И хоть каждый вечер в каждом доме Сёгюта горел очаг, но лишь для того, чтобы подогреть черствый хлеб. За счастье почитался суп из кислого снятого молока. Вот почему по вечерам даже голоса детей звучали приглушенно и невесело.
Молодухи и девушки столпились у источника Куюджак — его соорудили в лучшие времена правления Эртогрул-бея — и, позабыв о воде, слушали Аслыхан, дочь оружничего Каплана Чавуша, — она каждый день ходила помогать Хаиме-хатун, жене Эртогрул-бея.

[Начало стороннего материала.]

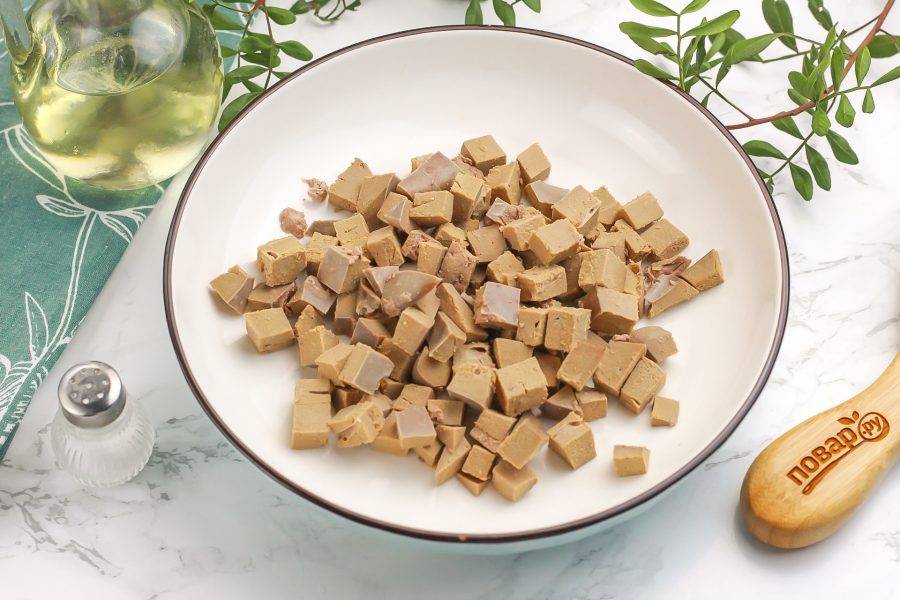 Остудите печень и нарежьте ее мелкими или средними кубиками, высыпьте нарезку в глубокую емкость.

— Нет, сестра! Ни столечко вот не видно, чтобы поправлялся. И что за дрянная болезнь такая, подагра! Бей наш как гора был, а теперь день ото дня худеет, как ребенок стал. Видели бы вы, как убивается наша Хаиме-хатун. Высохла вся от слез, что твой трут... Дать бы ему немножко масла или сметаны... Мяса совсем в рот не берет. Выпьет две-три ложки молока, несколько глотков тарханы — и все. И то если Осман-бей заставит... Из его рук.
— А что ж ему делать, коли желудок не принимает?
Аслыхан печально поглядела на молодую жену муллы Яхши.
— И правда, что делать? Болит все у него... Сядет — больно, на бок ляжет — больно, на спину, на живот — все больно. Ни сна, ни покоя. Миску с водой ко рту поднести не может. А все о пятничной молитве думает, сестрица... Сколько раз сегодня спросил: «Молитву сотворили? Осман мой из мечети не вернулся? Много было, там народу?»
А недавно знаете, что сказал: «Хоть бы разок в пятницу помолиться вместе с моими огузами, пусть бы тогда бог прибрал мою душу». Попробуй тут на месте Хаиме-хатун не заплакать?! Встать не может наш бей Эртогрул одними глазами пятничный намаз творит... Вот ты, жена муллы, скажи, как в Книге говорится: можно ли одними глазами намаз творить?